Last week, Mayor Norris stood firm against the coming “western expansion,” massive development in areas west of U.S. 1 on timberland owned by Rayonier and set to be developed by a subsidiary known as Raydient. 

According to FlaglerLive.com, the development will include “The 6.2-mile “loop road,” so far entirely funded by taxpayers, is to eventually connect with State Road 2209, itself connecting I-95 south of Jacksonville to Orlando and planned as an additional hurricane evacuation route, though the plan is conceptual for now.”

During a recent meeting, the Palm Coast City Council was told by staff that some 547 miles of the city’s existing roadways are in desperate need of resurfacing.  According to a recent analysis, a fifth of arterial roads and half the residential roads have a pavement condition index of “fair to poor.”

What? 

You want current streets and thoroughfares widened, reengineered, or properly resurfaced before any “loop road” is built to accommodate more growth?   

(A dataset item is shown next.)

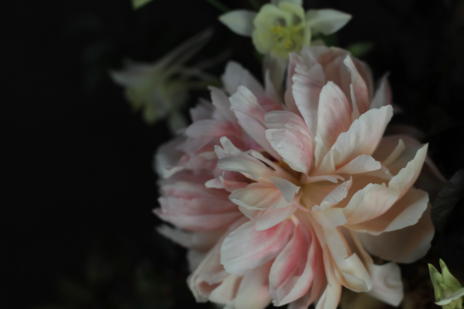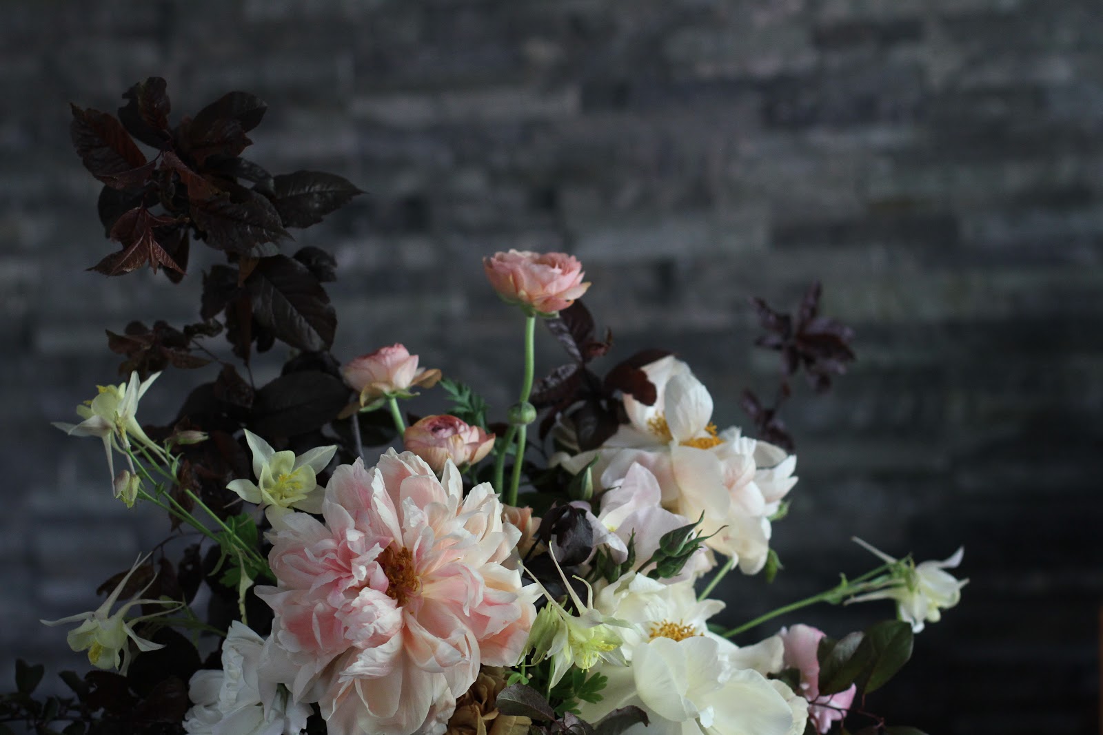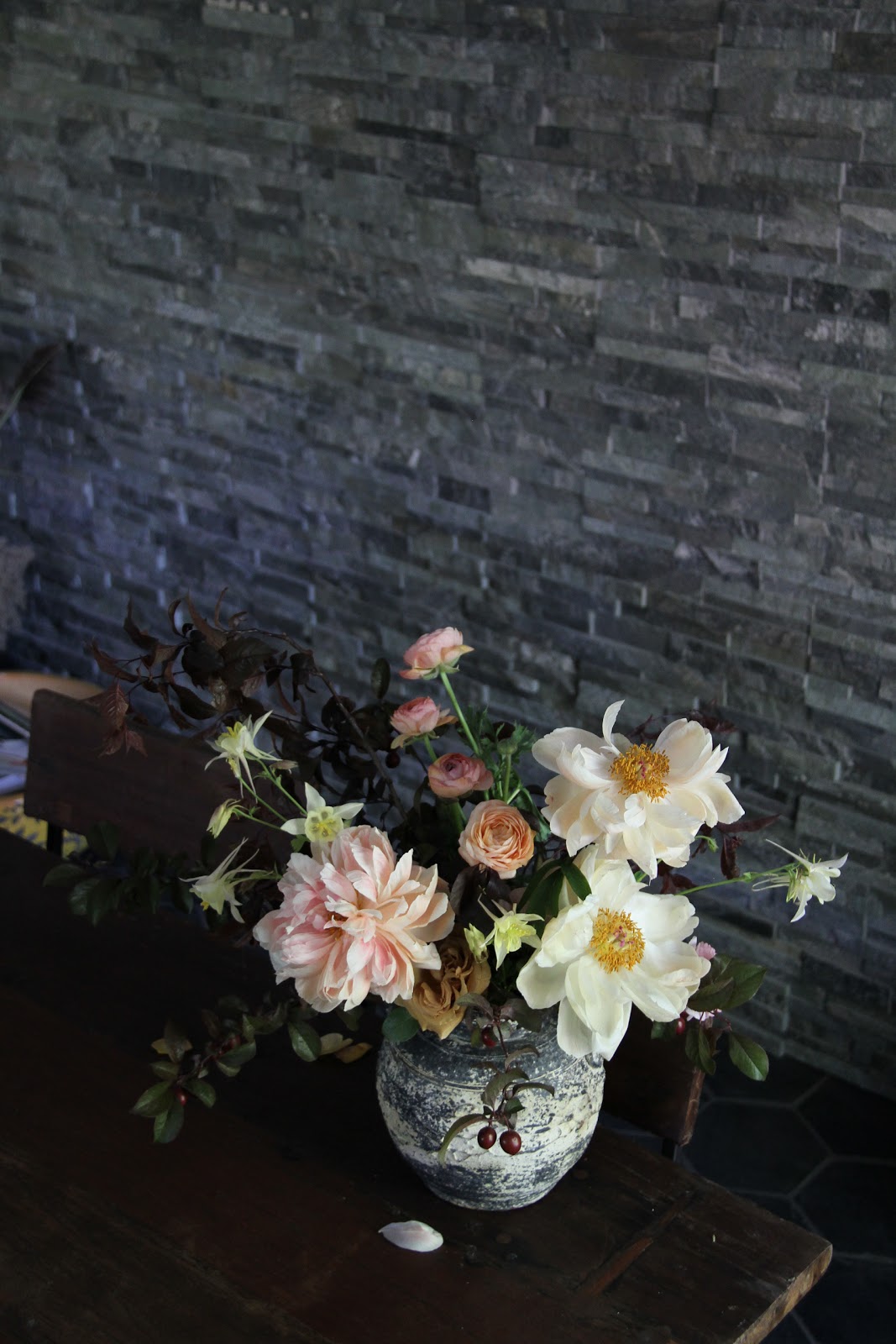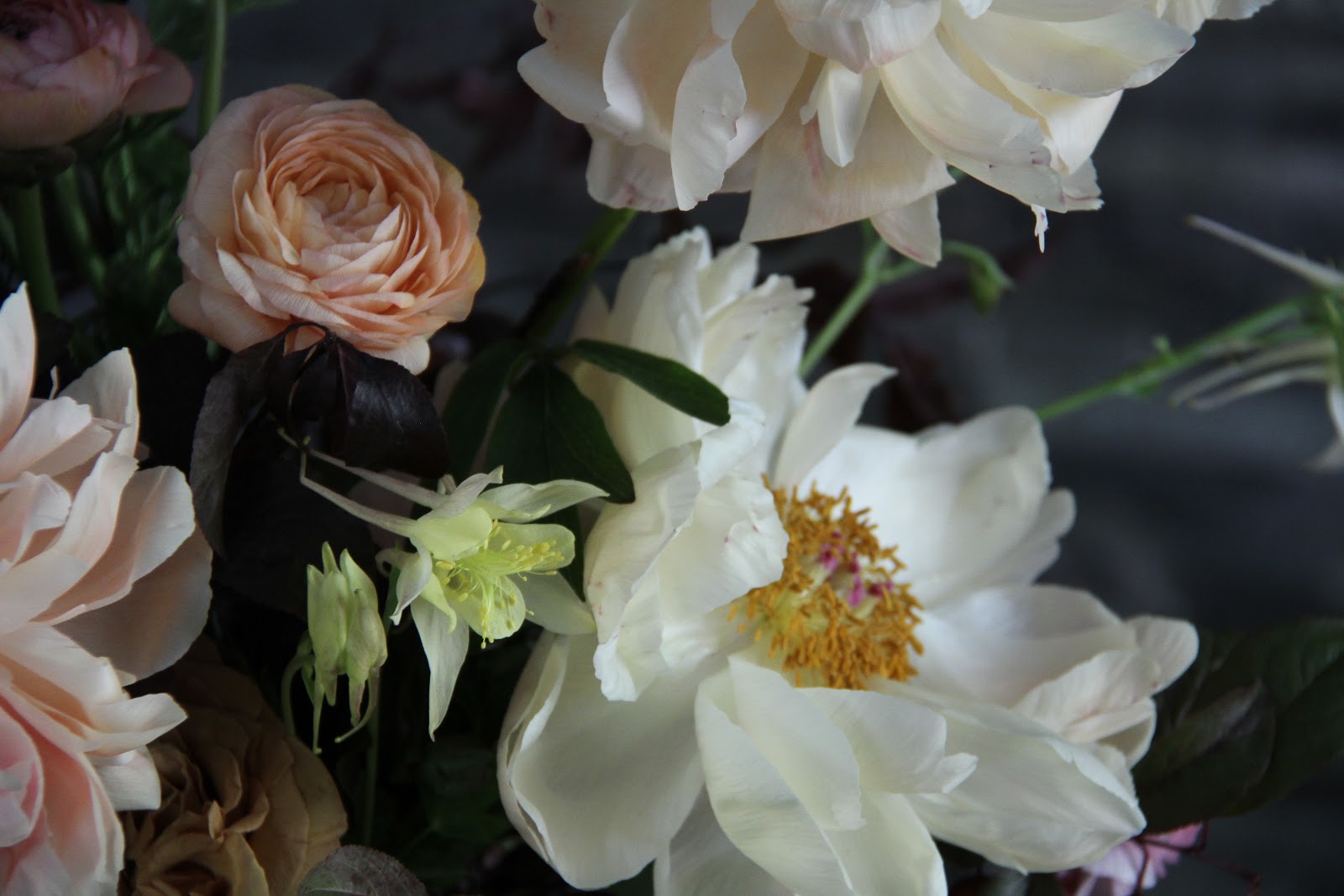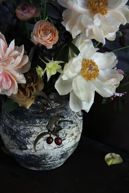 Coral charm peonies at the end of their fade, ranunculus, crab apple, plum foliage and columbine…from this spring. This arrangement is sort of deceiving I think because it could easily be from the fall too. That is why I am posting it now.

You’re tired of waiting through three cycles of a light at (insert intersection here) and want greater civic focus on improving existing transportation infrastructure before adding even more traffic?

Tough shit.  “We’re expanding west, Rube.  If you’re not growing, you’re dying…”

So much for “growth pays for itself,” eh? 

Apparently, things took an unctuous turn at the groundbreaking ceremony when appointed, not elected Palm Coast Councilman Charles “The Toady” Gambaro – a sycophantic developers stooge and current candidate for Florida’s Sixth Congressional District – launched himself to the podium following Mayor Norris’ remarks so he could kiss the collective ass and smooth the feathers of Raydient executives.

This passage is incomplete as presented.